# Gas - best system



## 104705 (May 24, 2007)

Can anyone please direct me to a source on gas options. I hear/read about gaslow, chasis tanks etc but want to research the best system/cost effective for long term cruising throughout Europe.

Thanks!


----------



## 89767 (May 1, 2005)

Freetochat said:


> Can anyone please direct me to a source on gas options. I hear/read about gaslow, chasis tanks etc but want to research the best system/cost effective for long term cruising throughout Europe.
> 
> Thanks!


Hi

I would suggest the best system has got to be one of the refillable systems. Either a fixed tank (probably the best) or refillable gas bottles, either way Spain will be a problem with very few places you can fill up on LPG (GPL they call it). Not all counrties use the same system so many bottles would have to be carried to cover them all.
There have been many threads on this subject on MHF so do a search & see what comes up.


----------



## olley (May 1, 2005)

Hi Freetochat, you have two choices 1) bottles, you will need different bottles for different countries 2) Fixed tank you need about 3 different adaptors to cover all of europe, you just fill up at any petrol station that sells LPG/GPL. As has been said spain is a problem, according to one site I looked only 18 petrol stations in the whole country also sell LPG. 

Olley


----------



## oldenstar (Nov 9, 2006)

If you go for the refillable system you can of course go for 1 or 2 refillable bottles rather than a fixed tank, meaning of course you then only need the 3 adaptors for Europe.
Depends on your van re suitabilty or desirability of bottles v tank- advantage of bottles is that it is relatively easy to remove system to take with you if you change vans.
MTH Systems, Forest of Dean, fitted my panel van with 1 refillable 28 litre bottle and external filler plus all Euro connectors for £160.
You can also stay overnight with free elec hook-up if you wish.
HTH


----------



## Rapide561 (Oct 1, 2005)

*Gas*

Hi

I am unable to advise on which is the best system, but I use Gaslow and it works for me. Arrive at the garage, and fill up. The set up probably costs about £250 - £300 in parts plus a labour charge.

Russell


----------



## taildj (Jun 4, 2006)

I have experienced all the various options first hand. The old fashioned bottles which when empty you swap for a full one, refillable bottles and finally an onboard tank. 
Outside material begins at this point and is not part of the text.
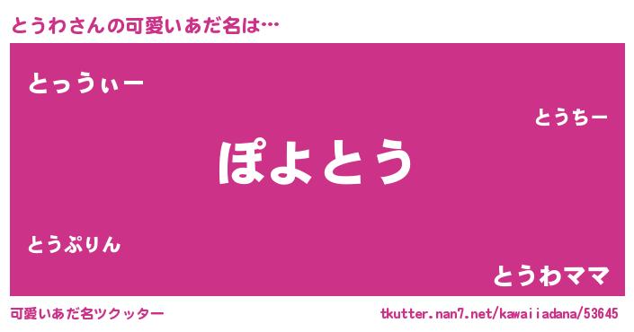 | ヘコむあだ名 | 『とうぷりん』『とうわ(遠い目)』 |

For me the onboard tank with an added external BBQ point is the most convenient. In terms of which system represents value for money, I think it is very much personal preference. Whatever best wishes for your decision


----------



## 105778 (Jul 11, 2007)

We have an onboard lpg tank with Truma regulator. Replaced two regulators in 18 months since new! Beware


----------



## wobby (May 1, 2005)

I've also gone for the Gaslow system easy to refill and the gas works out at half the price compared to exchange bottles. On my previous MH I had a fixed tank which also worked very well, but opted for the Gaslow system this time as I didn't want to hang a tank under an alko chassis. Also bear in mind weight of tank plus gas against payload of MH. 
Wobby


----------



## RobMD (May 9, 2005)

I opted for the Gaslow refillable cylinders, as I only had room under the van for a small tank which didn't justify the cost.

The MTH refillables are IMO a better product than the Gaslow one, but the Gaslow is a normal 6 Kg. while the MTH equivalent is only 5 Kg. I didn't want to lose the 2 Kg. (4 ltrs) so I opted for the Gaslow.
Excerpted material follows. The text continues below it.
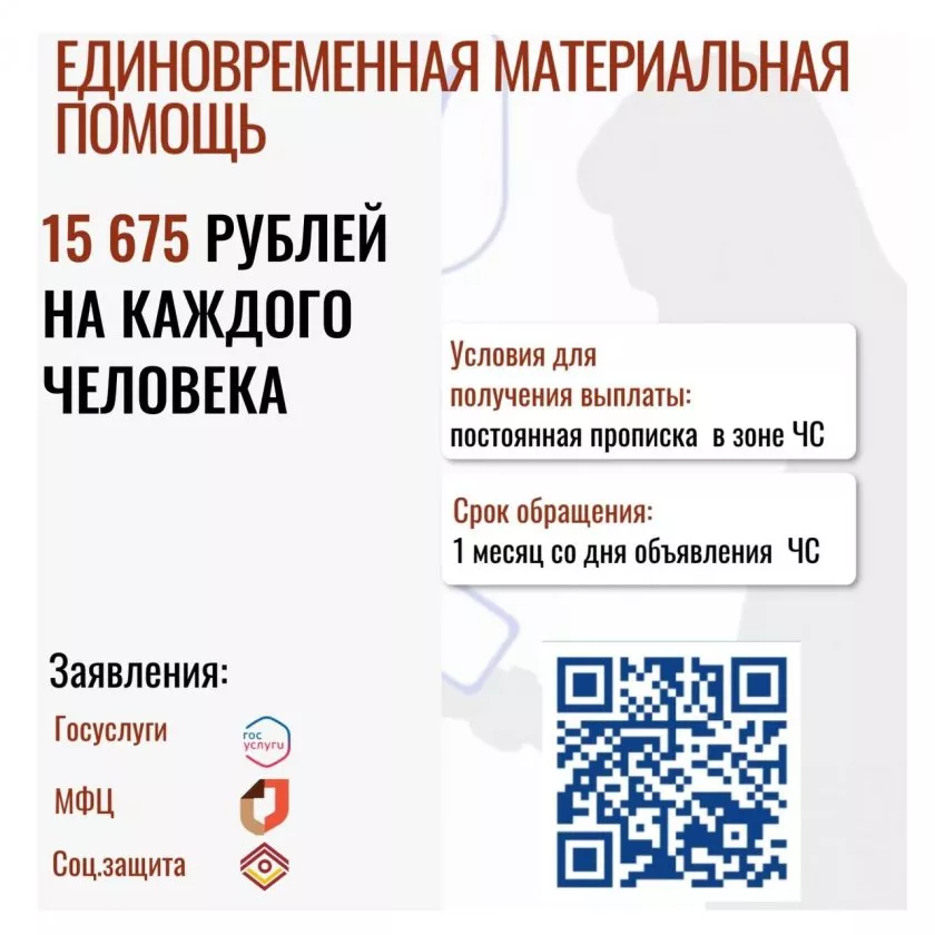 - Материальная помощь для имеющих постоянную прописку в зоне ЧС – 15 675 рублей на человека.

On a cash basis, it will probably take a long time to make up the cost of a refillable set-up, but for convenience while touring it is worth while (and in my case changing the bottles on the Nuevo is a pain).


----------



## allan01273 (May 23, 2007)

*GASLOW*

I changed over to Gaslow at the Newbury Show
Changed 2 6k Calor for 2 6k Gaslow

Each Calor is £14.99 to refill, agianst Gaslows' £5.40. That saves me about £96 a year.

The filler hole was fitted on a bracket in the gaslocker so that the side of the van did not need to be drilled with a large hole.

There is no messing about struggling to remove the gas bottles from the locker and lifting them out of the campervan. The saving for my poor old back was well worth the expence of fitting.

Two tanks means that I always have at least 6k of gas and so should never run out.

To keep the cost down I did not buy the adaptors as I intend to go abroad with full tanks and if I need a refill I have been told that most garages in France have UK adaptors.


----------



## Yeti (Jan 17, 2006)

Hi there Freetochat

We came across one problem with a fitted tank on our Burstner, the regulator kept freezing up when in use, not a good idea in the Alps in winter ! 
We have opted for gas bottles on our new van and will change to a Gaslow system this winter.
Also a previously mentioned the weight of a fitted tank and 60 lite of gas will seriously affect your payload

regards 
The Yeti


----------



## drmjclark (Feb 19, 2006)

I have no experience yet of any kind of refillables but when I collect my new van next friday I am having gaslow fitted . One comment that has not arisen so far is that if you have Gaslows or normal exchange cylinders is that you can use the eurotunnel. At the time of our last visit if you have a fitted gas tank you will not be allowed to take your motorhome on the tunnel due to the explosion risk - why this is any different to gaslows I have no idea - but rules seem to be rules!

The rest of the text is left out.